WHAT YOU ARE ASKED TO DO -
Output must consist only of the lines of the material below from the one with "- Metallabzeichen in" through the one with "Die Vinyltapete „Famous", each reproduced exactly; no pictures belong in it.

DATA TO EXAMINE -
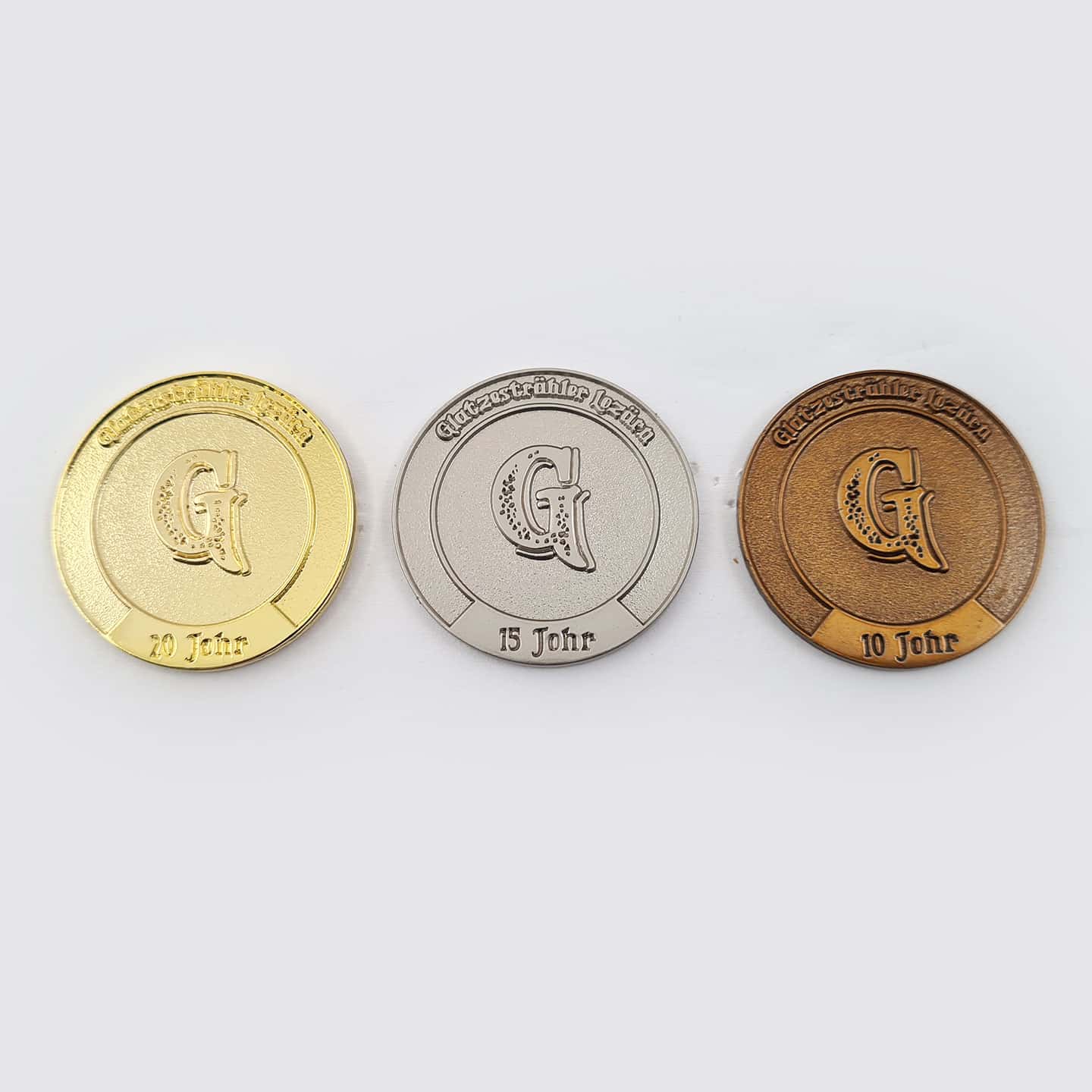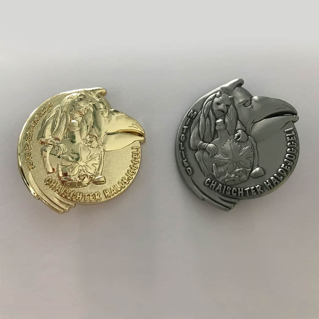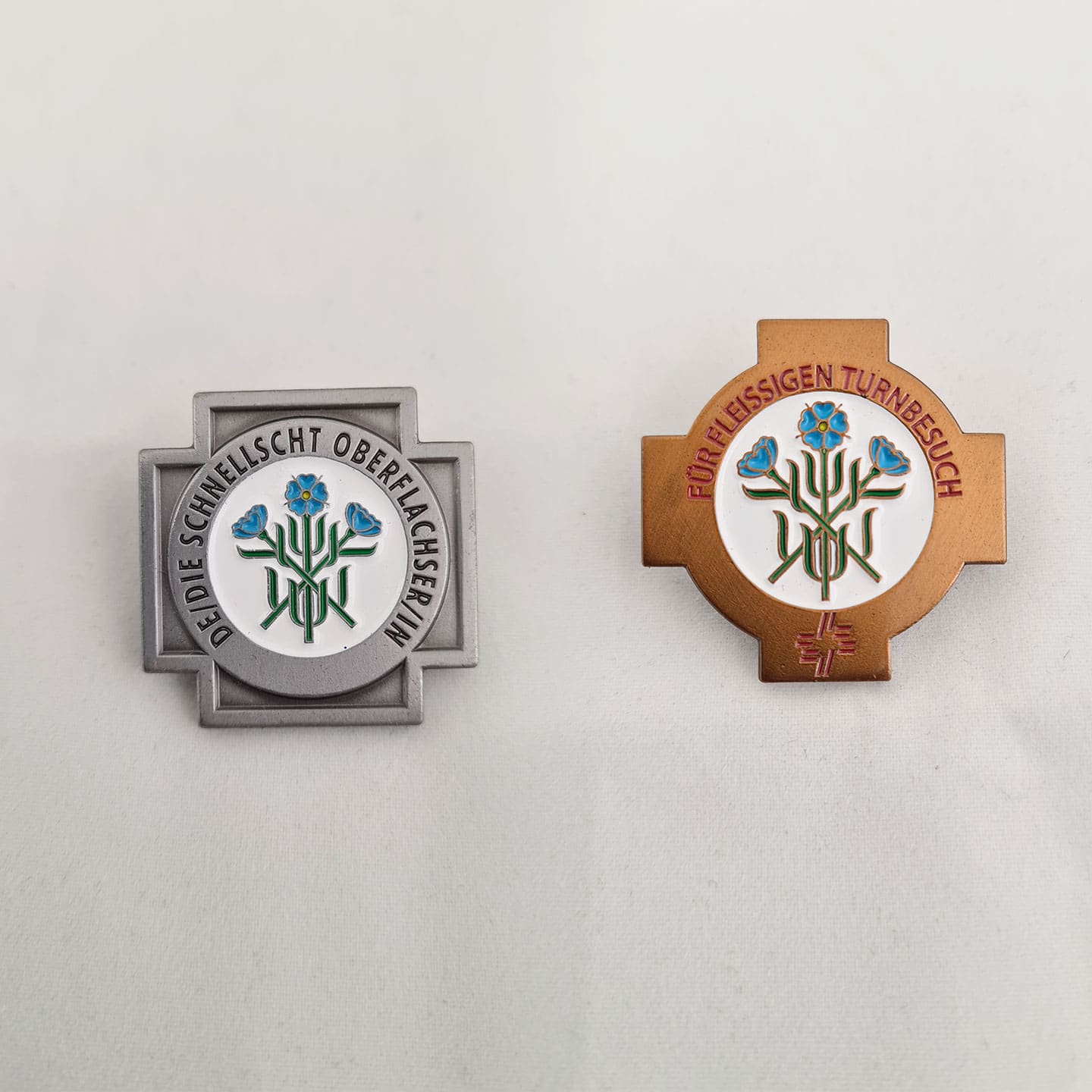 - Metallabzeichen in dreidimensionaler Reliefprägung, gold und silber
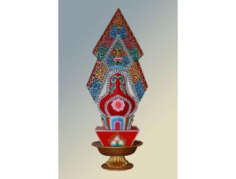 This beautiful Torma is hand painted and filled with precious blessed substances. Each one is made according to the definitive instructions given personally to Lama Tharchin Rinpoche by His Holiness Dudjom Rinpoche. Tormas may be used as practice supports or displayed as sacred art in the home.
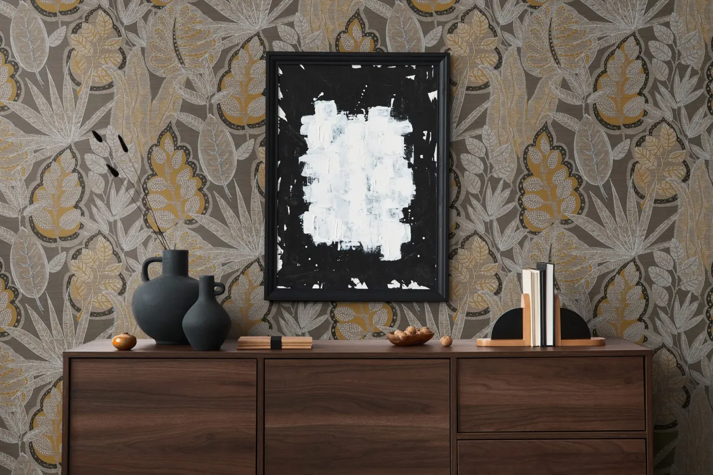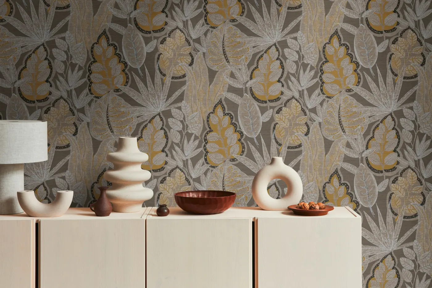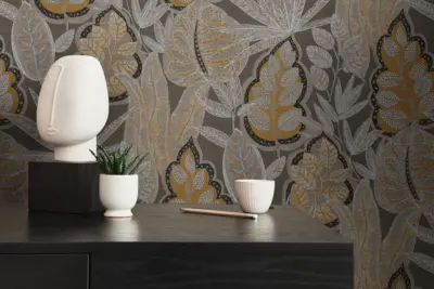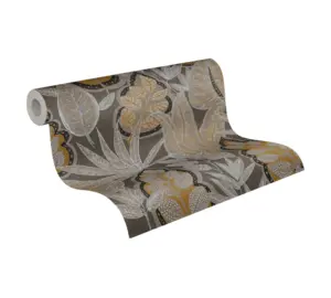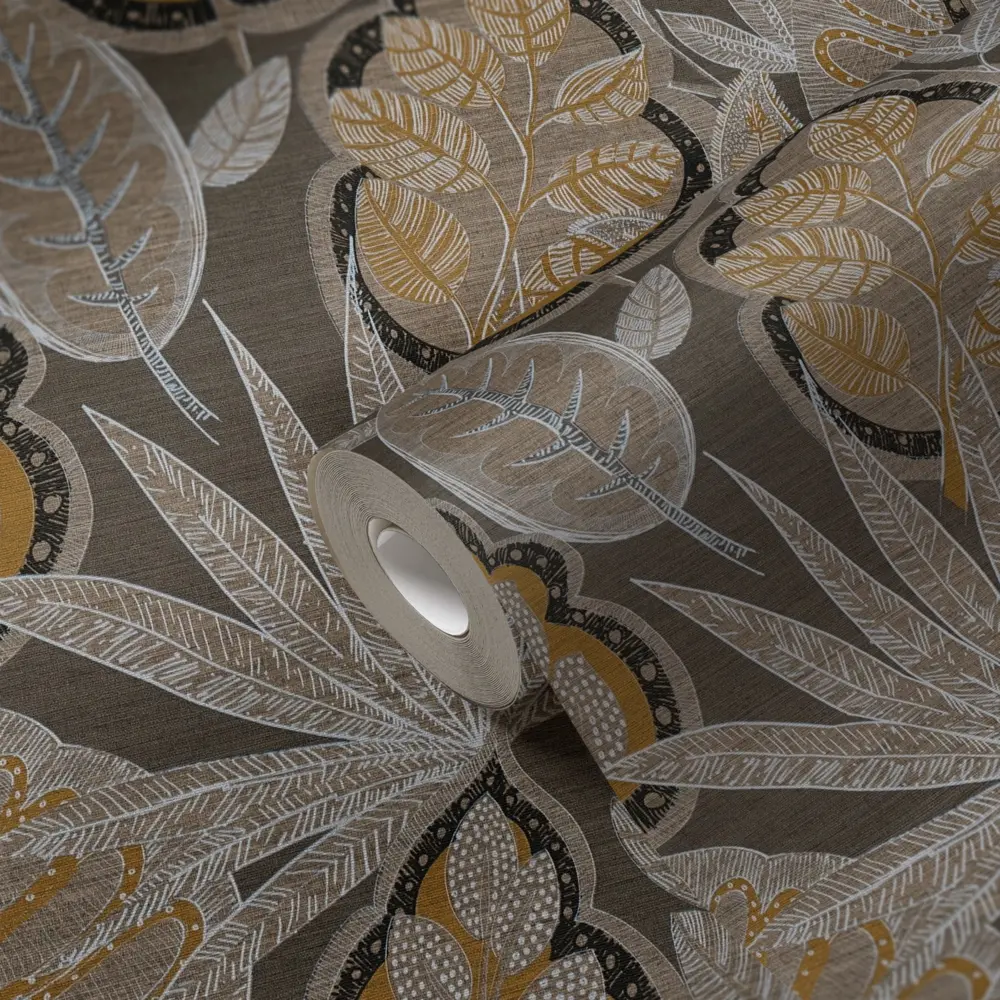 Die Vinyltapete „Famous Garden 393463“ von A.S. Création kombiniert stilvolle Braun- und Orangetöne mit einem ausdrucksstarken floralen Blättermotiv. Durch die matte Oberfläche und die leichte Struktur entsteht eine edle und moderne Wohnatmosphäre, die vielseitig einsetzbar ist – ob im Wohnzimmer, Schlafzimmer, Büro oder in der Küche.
---
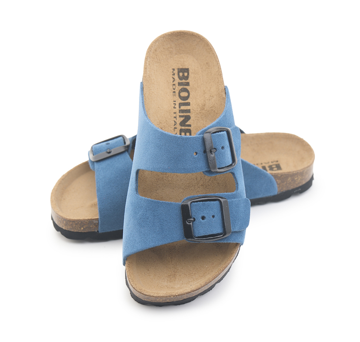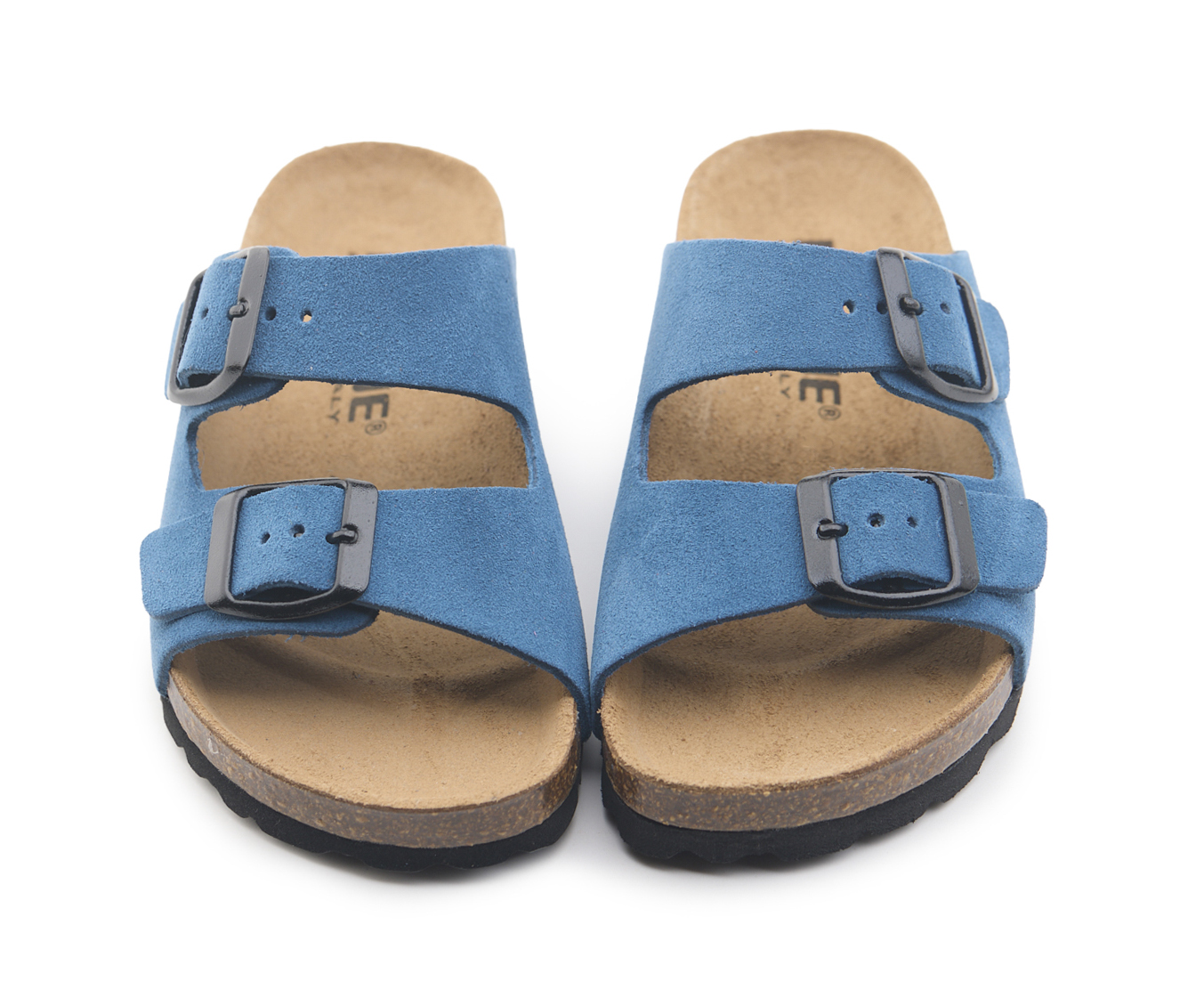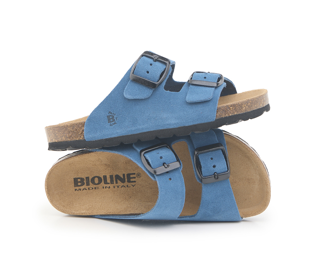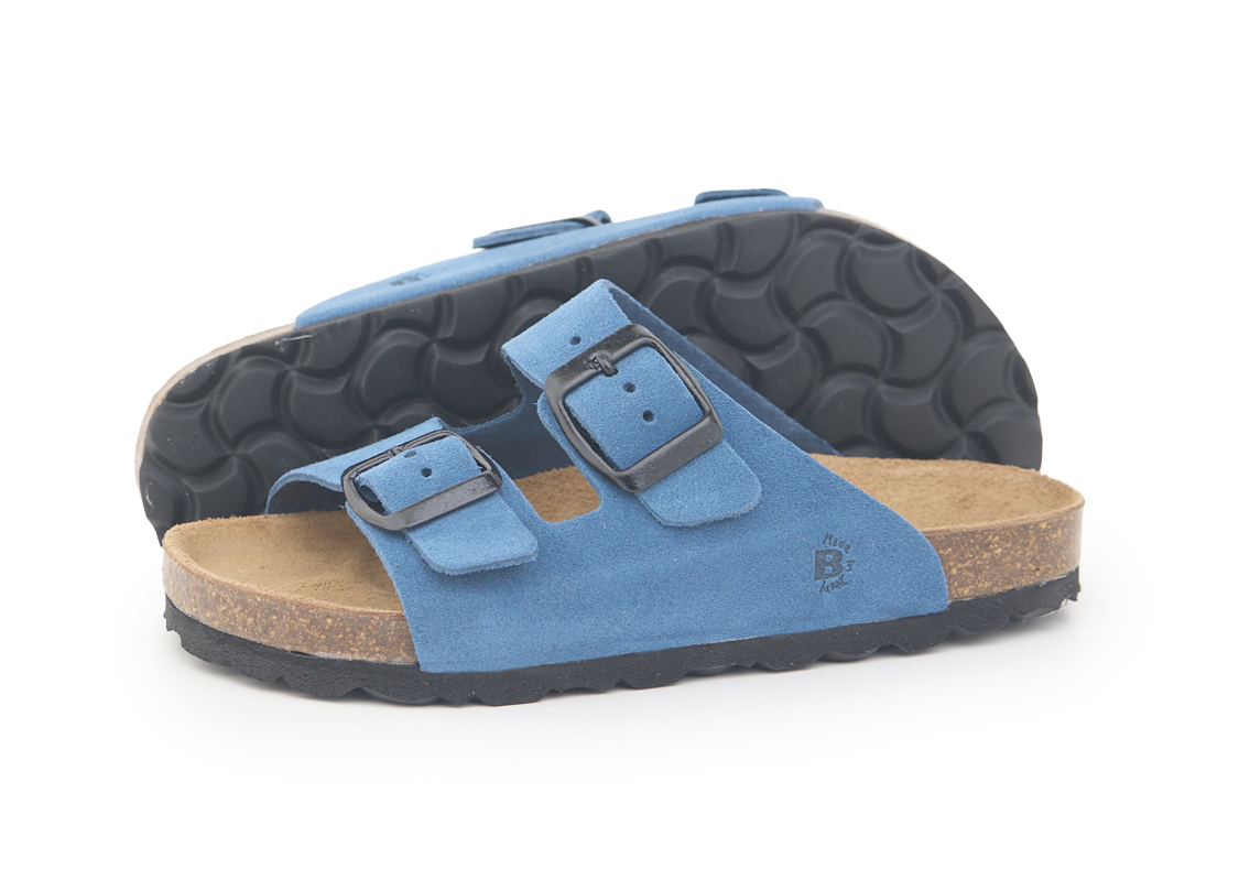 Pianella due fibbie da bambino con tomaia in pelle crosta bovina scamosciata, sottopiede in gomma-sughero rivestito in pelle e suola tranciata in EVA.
==
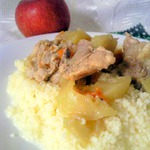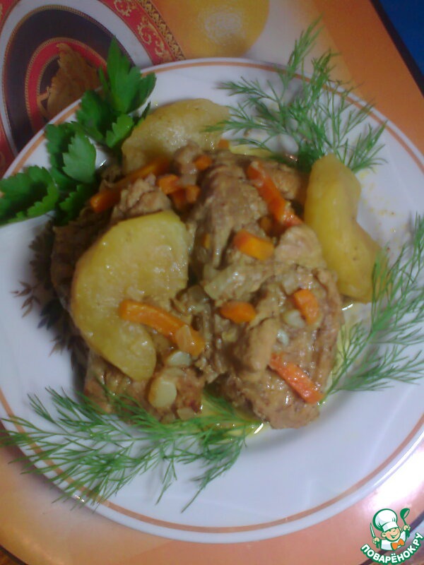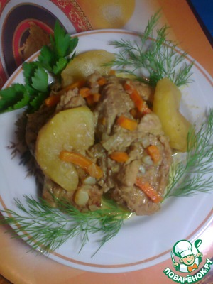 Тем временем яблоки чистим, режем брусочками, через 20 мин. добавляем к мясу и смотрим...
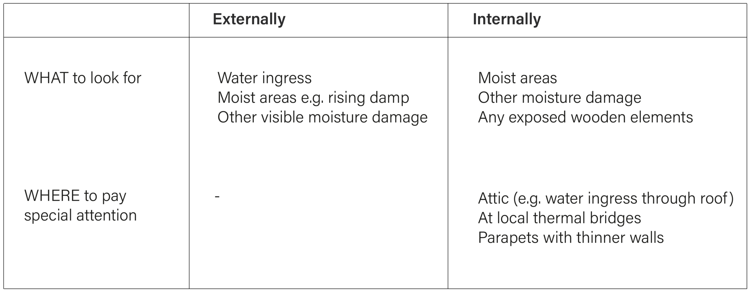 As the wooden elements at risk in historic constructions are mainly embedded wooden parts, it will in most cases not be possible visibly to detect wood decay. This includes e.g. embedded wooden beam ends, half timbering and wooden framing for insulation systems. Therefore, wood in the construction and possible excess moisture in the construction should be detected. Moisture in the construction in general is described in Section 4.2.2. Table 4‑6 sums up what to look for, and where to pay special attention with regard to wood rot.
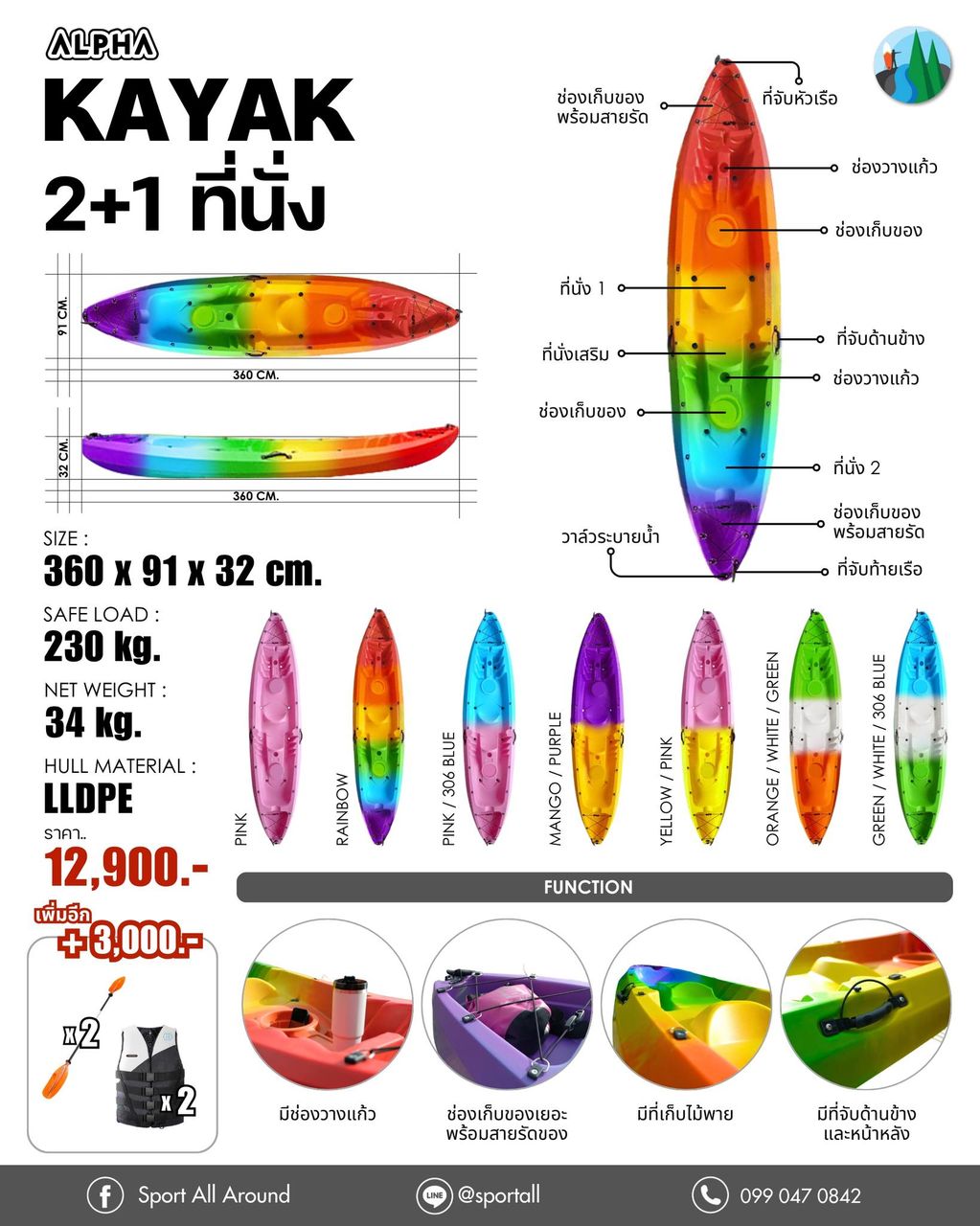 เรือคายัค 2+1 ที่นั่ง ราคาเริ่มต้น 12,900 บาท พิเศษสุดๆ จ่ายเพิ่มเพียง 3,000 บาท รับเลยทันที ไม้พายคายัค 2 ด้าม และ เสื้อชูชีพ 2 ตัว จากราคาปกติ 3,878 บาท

EXERCISE OUTPUT -
 - Metallabzeichen in dreidimensionaler Reliefprägung, gold und silber
 This beautiful Torma is hand painted and filled with precious blessed substances. Each one is made according to the definitive instructions given personally to Lama Tharchin Rinpoche by His Holiness Dudjom Rinpoche. Tormas may be used as practice supports or displayed as sacred art in the home.
 Die Vinyltapete „Famous Garden 393463“ von A.S. Création kombiniert stilvolle Braun- und Orangetöne mit einem ausdrucksstarken floralen Blättermotiv. Durch die matte Oberfläche und die leichte Struktur entsteht eine edle und moderne Wohnatmosphäre, die vielseitig einsetzbar ist – ob im Wohnzimmer, Schlafzimmer, Büro oder in der Küche.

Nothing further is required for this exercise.